Weird bugs that surfaced recently...
I'm certain now that the CPU frequency scaling bug can be worked around by setting a higher min clock, I have 23 days uptime with a min clock of 800Mhz.

EDIT: Now uptime is 34d 16h 37m 0s

shelterx · March 21, 2022, 5:58pm

Well, WiFi interfaces just went into disabled state now, I had to restart them, the router didn't reboot tho'.

[2069691.801451] device wlan0 left promiscuous mode
[2069691.801588] br-lan: port 3(wlan0) entered disabled state
[2069691.890988] ath10k_pci 0000:01:00.0: could not get mac80211 beacon
[2069692.095787] ath10k_pci 0000:01:00.0: could not get mac80211 beacon
[2069692.300577] ath10k_pci 0000:01:00.0: could not get mac80211 beacon
[2069692.505379] ath10k_pci 0000:01:00.0: could not get mac80211 beacon
[2069692.519704] ath10k_pci 0000:01:00.0: peer-unmap-event: unknown peer id 1
[2069692.519778] ath10k_pci 0000:01:00.0: peer-unmap-event: unknown peer id 1
[2069692.525600] ath10k_pci 0000:01:00.0: peer-unmap-event: unknown peer id 1
[2069692.616753] device wlan1 left promiscuous mode
[2069692.616916] br-lan: port 2(wlan1) entered disabled state
[2069692.770377] ath10k_pci 0001:01:00.0: could not get mac80211 beacon
[2069692.808612] ath10k_pci 0001:01:00.0: peer-unmap-event: unknown peer id 1
[2069692.808724] ath10k_pci 0001:01:00.0: peer-unmap-event: unknown peer id 1

EDIT:
DFS shouldn't cause wifi to be disabled right?
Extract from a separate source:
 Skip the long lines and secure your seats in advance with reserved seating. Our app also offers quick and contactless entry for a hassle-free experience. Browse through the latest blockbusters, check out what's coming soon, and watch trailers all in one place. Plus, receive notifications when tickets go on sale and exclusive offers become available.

It's weird that both interfaces went down.

quarky · March 22, 2022, 1:21pm

It will, if I'm not wrong, if you set the interface to a DFS channel and radar was detected for that channel. Was the channel set to a fixed channel or was it auto?

shelterx · March 22, 2022, 2:16pm

Fixed... But still weird that 2.4Ghz went down.
I'll change 5Ghz back to non-DFS.

dpvb · March 26, 2022, 2:59am

How do I get 160 mhz working for my 5.0 ghz wifi? I'm running latest stable hnyman's build

hnyman · March 26, 2022, 6:30am

For me VHT160 works quite normally, with FI country code, both channel 36 and 100 work for me. DFS detection takes a minute at startup, but completes nicely.
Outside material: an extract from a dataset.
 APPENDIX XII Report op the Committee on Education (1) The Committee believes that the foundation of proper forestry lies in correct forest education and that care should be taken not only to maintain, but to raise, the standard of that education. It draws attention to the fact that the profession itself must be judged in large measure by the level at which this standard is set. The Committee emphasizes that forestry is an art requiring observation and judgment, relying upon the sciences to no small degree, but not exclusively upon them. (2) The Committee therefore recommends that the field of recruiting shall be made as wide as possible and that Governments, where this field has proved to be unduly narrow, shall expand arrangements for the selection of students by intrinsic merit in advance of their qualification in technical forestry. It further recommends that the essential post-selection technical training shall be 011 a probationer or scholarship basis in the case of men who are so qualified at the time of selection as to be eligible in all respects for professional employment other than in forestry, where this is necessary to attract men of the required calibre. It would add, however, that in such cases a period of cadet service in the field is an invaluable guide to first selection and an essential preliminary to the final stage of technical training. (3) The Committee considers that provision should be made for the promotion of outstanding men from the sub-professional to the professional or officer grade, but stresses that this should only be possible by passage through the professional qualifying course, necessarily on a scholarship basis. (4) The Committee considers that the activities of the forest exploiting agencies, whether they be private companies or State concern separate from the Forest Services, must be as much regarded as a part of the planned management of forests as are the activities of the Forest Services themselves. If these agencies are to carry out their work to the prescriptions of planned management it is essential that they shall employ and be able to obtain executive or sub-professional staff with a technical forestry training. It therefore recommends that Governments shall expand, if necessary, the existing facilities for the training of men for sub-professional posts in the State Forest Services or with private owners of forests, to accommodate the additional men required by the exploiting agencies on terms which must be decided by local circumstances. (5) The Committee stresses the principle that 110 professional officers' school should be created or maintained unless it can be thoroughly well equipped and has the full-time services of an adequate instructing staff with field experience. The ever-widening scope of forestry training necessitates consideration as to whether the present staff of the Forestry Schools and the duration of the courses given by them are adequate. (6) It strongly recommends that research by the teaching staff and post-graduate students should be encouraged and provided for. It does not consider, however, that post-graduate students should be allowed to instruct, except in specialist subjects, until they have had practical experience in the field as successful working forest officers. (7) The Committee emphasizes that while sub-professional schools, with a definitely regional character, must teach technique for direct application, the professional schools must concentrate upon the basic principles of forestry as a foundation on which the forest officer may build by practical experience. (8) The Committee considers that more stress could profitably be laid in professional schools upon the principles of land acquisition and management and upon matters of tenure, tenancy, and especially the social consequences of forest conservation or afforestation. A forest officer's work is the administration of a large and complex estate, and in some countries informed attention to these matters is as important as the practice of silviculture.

hawkeye217 · March 27, 2022, 3:12am

New openwrt user here (but experienced software dev) on an XR500 (same hardware as the R7800) and I had this same __krait_mux_set_sel crash twice in the last 24 hours. I'm running the latest snapshot from 2022-03-24.
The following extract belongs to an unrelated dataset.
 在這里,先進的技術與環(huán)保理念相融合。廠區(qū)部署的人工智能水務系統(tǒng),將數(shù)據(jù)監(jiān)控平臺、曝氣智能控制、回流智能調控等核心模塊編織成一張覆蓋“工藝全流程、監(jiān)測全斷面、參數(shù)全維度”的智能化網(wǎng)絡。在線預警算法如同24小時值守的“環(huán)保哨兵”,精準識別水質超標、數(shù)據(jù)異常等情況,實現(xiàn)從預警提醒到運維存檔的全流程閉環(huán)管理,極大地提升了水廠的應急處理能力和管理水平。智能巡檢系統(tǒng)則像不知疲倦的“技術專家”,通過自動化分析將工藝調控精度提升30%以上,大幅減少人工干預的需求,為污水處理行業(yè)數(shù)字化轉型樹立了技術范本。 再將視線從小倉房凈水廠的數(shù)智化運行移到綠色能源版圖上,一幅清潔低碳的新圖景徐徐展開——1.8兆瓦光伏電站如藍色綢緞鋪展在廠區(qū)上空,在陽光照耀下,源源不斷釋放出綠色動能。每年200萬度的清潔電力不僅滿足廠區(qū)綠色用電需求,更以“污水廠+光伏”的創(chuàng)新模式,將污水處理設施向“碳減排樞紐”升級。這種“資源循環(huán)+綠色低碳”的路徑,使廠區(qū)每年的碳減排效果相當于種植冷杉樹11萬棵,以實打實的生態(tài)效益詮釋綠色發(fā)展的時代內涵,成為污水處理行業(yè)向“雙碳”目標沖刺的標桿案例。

When it crashed last night, it happened shortly after a decent amount of load followed by a very low amount of load. So if the CPU core frequency ramped downward, perhaps that's what triggered the crash.

I had not set up any min frequency parameters in the local startup script, but it seems like that might be the best workaround at this point from what others have said?

Let me know if there's any way I can help track down the issue.